▸ **Work order**:
Your output must be the lines below from the line containing "3. Desde entonces" to the line containing "なんと9年ぶり2回目の訪問ら", both lines included, reproduced exactly and without pictures.

▸ **Data listing**:

- Opening Delimiter -

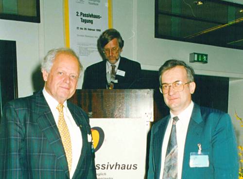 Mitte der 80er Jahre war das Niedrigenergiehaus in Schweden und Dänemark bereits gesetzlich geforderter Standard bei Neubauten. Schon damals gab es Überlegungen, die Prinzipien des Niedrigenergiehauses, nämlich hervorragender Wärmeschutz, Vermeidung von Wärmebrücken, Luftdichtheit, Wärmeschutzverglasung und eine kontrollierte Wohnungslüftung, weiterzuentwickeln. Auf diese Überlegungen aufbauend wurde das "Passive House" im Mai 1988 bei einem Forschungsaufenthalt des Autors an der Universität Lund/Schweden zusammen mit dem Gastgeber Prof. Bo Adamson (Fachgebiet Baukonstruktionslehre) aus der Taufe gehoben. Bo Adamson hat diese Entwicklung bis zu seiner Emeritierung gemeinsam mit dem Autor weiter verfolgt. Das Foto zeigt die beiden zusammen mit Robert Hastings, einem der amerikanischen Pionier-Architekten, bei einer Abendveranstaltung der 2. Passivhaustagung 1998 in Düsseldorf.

- Closing Delimiter -
- Opening Delimiter -

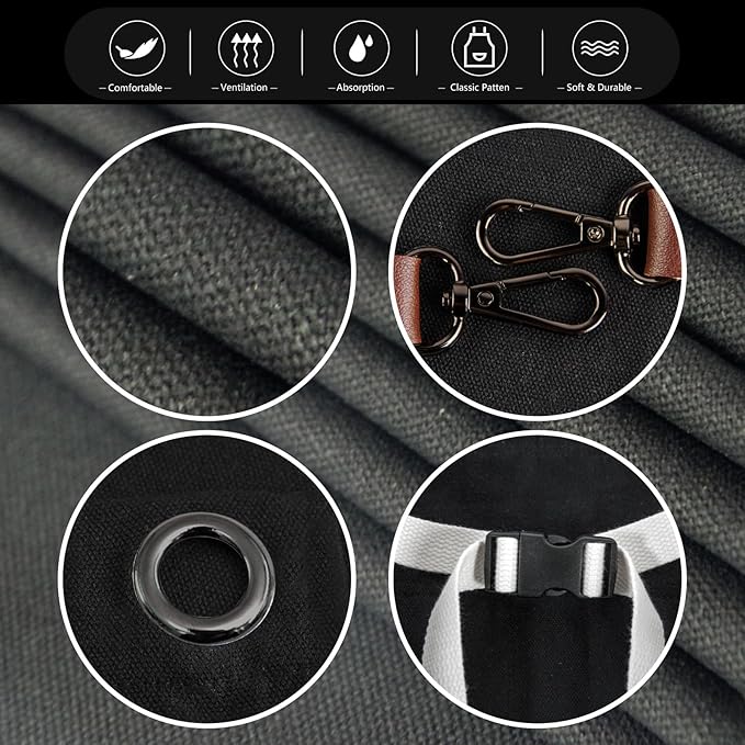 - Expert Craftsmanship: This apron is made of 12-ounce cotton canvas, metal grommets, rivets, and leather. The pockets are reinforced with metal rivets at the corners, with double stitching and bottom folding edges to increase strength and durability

- Closing Delimiter -
- Opening Delimiter -

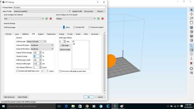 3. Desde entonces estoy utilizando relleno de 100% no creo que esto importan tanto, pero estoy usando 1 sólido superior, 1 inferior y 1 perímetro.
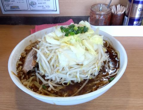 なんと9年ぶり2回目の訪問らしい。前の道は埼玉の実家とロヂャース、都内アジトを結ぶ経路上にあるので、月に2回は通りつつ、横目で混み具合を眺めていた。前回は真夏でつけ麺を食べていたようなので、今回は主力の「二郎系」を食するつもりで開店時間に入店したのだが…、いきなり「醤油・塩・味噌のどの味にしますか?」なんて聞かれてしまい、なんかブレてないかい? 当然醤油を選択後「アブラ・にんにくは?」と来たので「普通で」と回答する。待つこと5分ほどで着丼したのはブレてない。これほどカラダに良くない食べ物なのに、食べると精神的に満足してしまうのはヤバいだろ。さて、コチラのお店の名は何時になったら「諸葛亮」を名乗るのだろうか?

- Closing Delimiter -

▸ **Reply to the exercise**:
 3. Desde entonces estoy utilizando relleno de 100% no creo que esto importan tanto, pero estoy usando 1 sólido superior, 1 inferior y 1 perímetro.
 なんと9年ぶり2回目の訪問らしい。前の道は埼玉の実家とロヂャース、都内アジトを結ぶ経路上にあるので、月に2回は通りつつ、横目で混み具合を眺めていた。前回は真夏でつけ麺を食べていたようなので、今回は主力の「二郎系」を食するつもりで開店時間に入店したのだが…、いきなり「醤油・塩・味噌のどの味にしますか?」なんて聞かれてしまい、なんかブレてないかい? 当然醤油を選択後「アブラ・にんにくは?」と来たので「普通で」と回答する。待つこと5分ほどで着丼したのはブレてない。これほどカラダに良くない食べ物なのに、食べると精神的に満足してしまうのはヤバいだろ。さて、コチラのお店の名は何時になったら「諸葛亮」を名乗るのだろうか?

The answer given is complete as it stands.